Since the General Data Protection Regulation (GDPR) came into force on 25 May 2018, HR departments have been at the forefront of compliance. Human resources functions process sensitive personal data daily: CVs, payslips, health data, performance reviews, bank details. Mismanagement exposes the company to penalties of up to 20 million euros or 4% of global turnover (Article 83 of the GDPR). This article presents the key obligations and best practices for securing the processing of employee data throughout the HR cycle.

Fundamental principles applicable to HR data

The GDPR imposes six cardinal principles codified in Article 5: lawfulness, fairness, transparency, purpose limitation, data minimisation, accuracy, storage limitation and integrity/confidentiality.

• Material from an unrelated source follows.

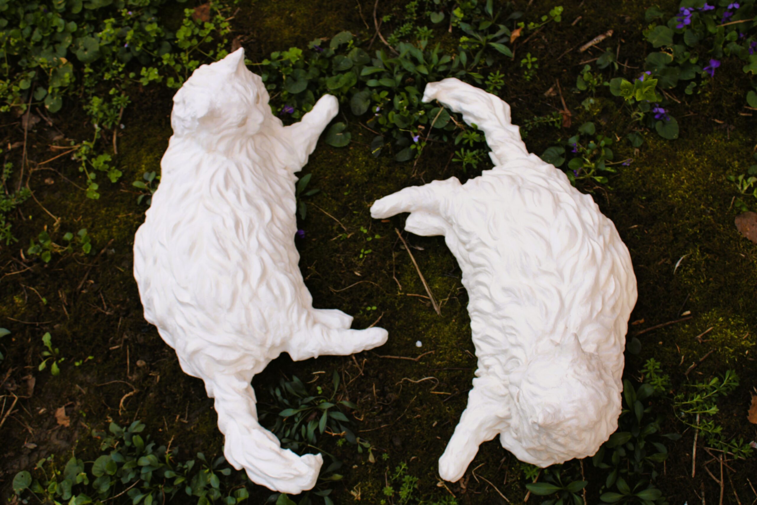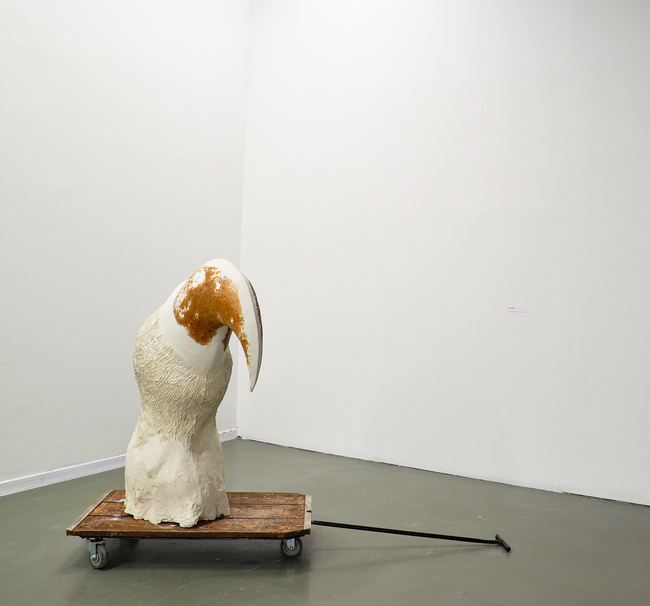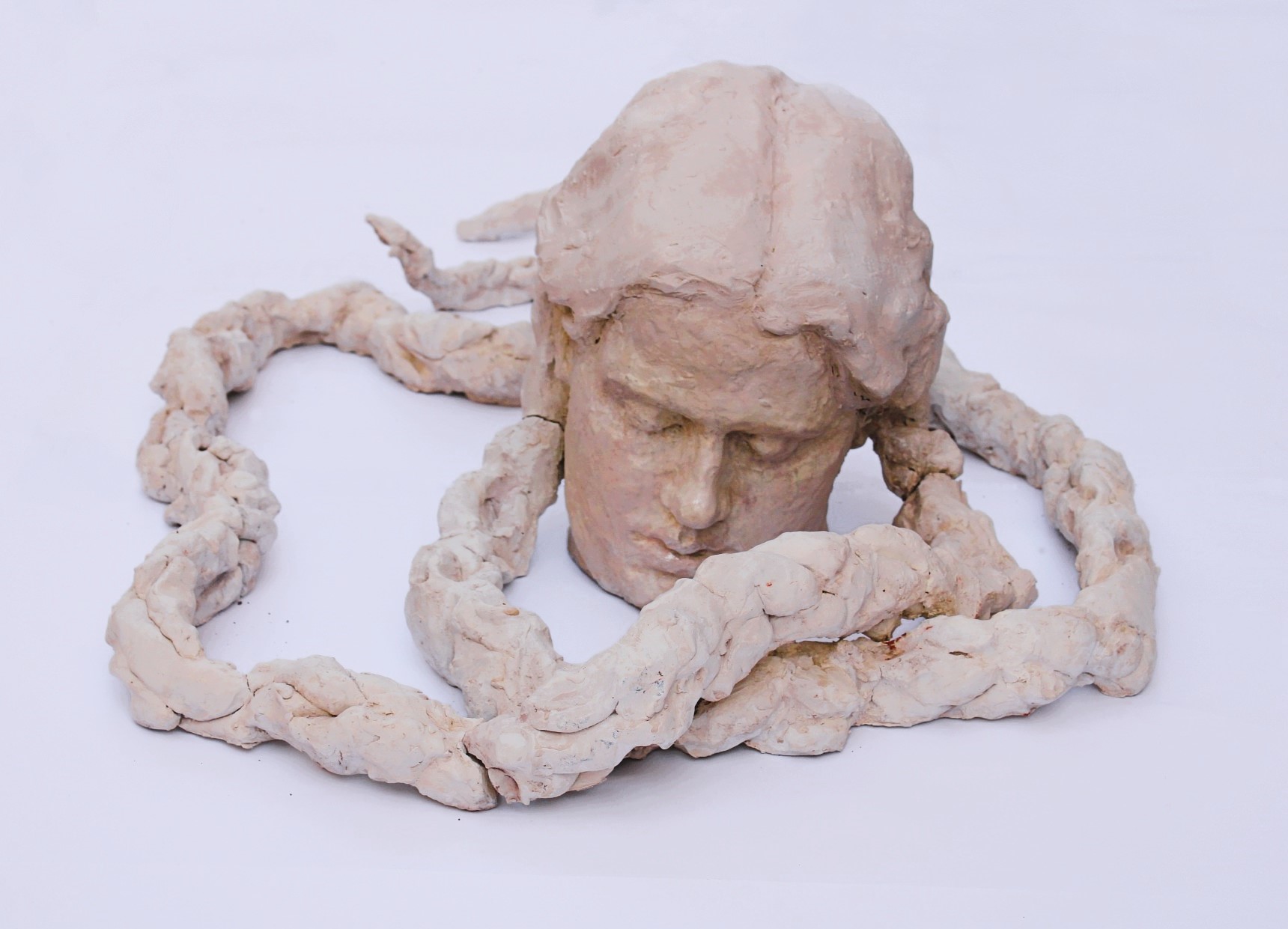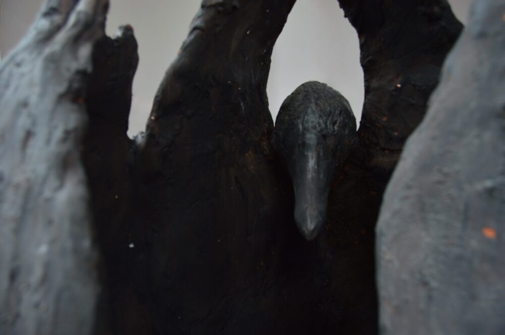 Ksenija Popović ne rekonstruiše samo narativ, već i fizičku komponentu svojih ranijih radova. Višak materijala, sačuvan iz prethodnih skulptura postaje deo novih kompozicija, gde umetnica istražuje mogućnosti oblikovanja i prevođenja značenja kroz sam materijal. Ovaj pristup gradi skulpturu crtački, kolažirajući različite teksture u jednom telu. Materijalnost je ključna, skulptura postoji ne samo kao predmet već i kao svedočanstvo procesa transformacije – smrtno telo besmrtne ideje.

In practice, this means that the HR department can only collect data strictly necessary for a determined purpose. For example, asking for a social security number at the application stage is disproportionate: it is only justified after hiring for the DSN.

The CNIL, via its ruling no. 2019-160 on the personnel management framework, specifies recommended retention periods: 2 years for rejected applications (except with consent), 5 years after departure for the administrative file, 6 years for payslips in the employer version.

Contrary to popular belief, consent is rarely the appropriate legal basis in HR, due to the employment relationship. The more relevant bases are rather the performance of the employment contract (Article 6.1.b), legal obligation (Article 6.1.c) or legitimate interest (Article 6.1.f). For sensitive data (health, trade union), Article 9 requires a specific basis such as an obligation under labour law.

The employer must provide clear information via a GDPR notice given at hiring, update the processing register (Article 30) and consult the Works Council before any new processing affecting employees (Article L.2312-38 of the Labour Code).

Security and employee rights

Technical and organisational security (Article 32) requires: HRIS encryption, access control by profile, traceability of consultations, confidentiality clauses with payroll or recruitment subcontractors (Article 28). In case of breach, notification to the CNIL within 72 hours.

Employees have enhanced rights: access, rectification, erasure (limited by legal retention obligations), portability, opposition. An internal procedure must allow responses within a maximum of one month. Refusal of access to disciplinary files must be legally justified.

Practical examples

Example 1 – Recruitment: A small business has been storing CVs from all candidates in a shared folder for 5 years. Non-compliant: excessive duration, lack of security. Solution: automated purge at 2 years, access restricted to recruiters, GDPR mention in the job advertisement.

Example 2 – Video surveillance: A logistics warehouse films work stations continuously. Possible sanction (the CNIL sanctioned Amazon France Logistique with 32 million euros in 2024). Solution: limit to sensitive areas, individual notification, Works Council consultation, maximum retention period of one month.

Example 3 – Collaborative tools: The deployment of Microsoft 365 requires an impact analysis (DPIA) if monitoring functions are enabled, as well as a processing agreement clause compliant with the publisher.

Compliance and penalties

In addition to CNIL fines, the employer faces labour court claims for invasion of privacy (Article 9 of the Civil Code, Article L.1121-1 of the Labour Code). The appointment of a DPO is mandatory for entities processing data on a large scale. An annual mapping of HR processing, coupled with manager training, constitutes the best legal and operational protection.

Conclusion

GDPR compliance in HR is not a one-off project but an ongoing process of improvement. Between legal obligations, employee rights and operational performance, HR managers must pilot data governance with rigour. Investing in a compliant HRIS, training teams and documenting each processing transforms regulatory constraint into a driver of employee trust.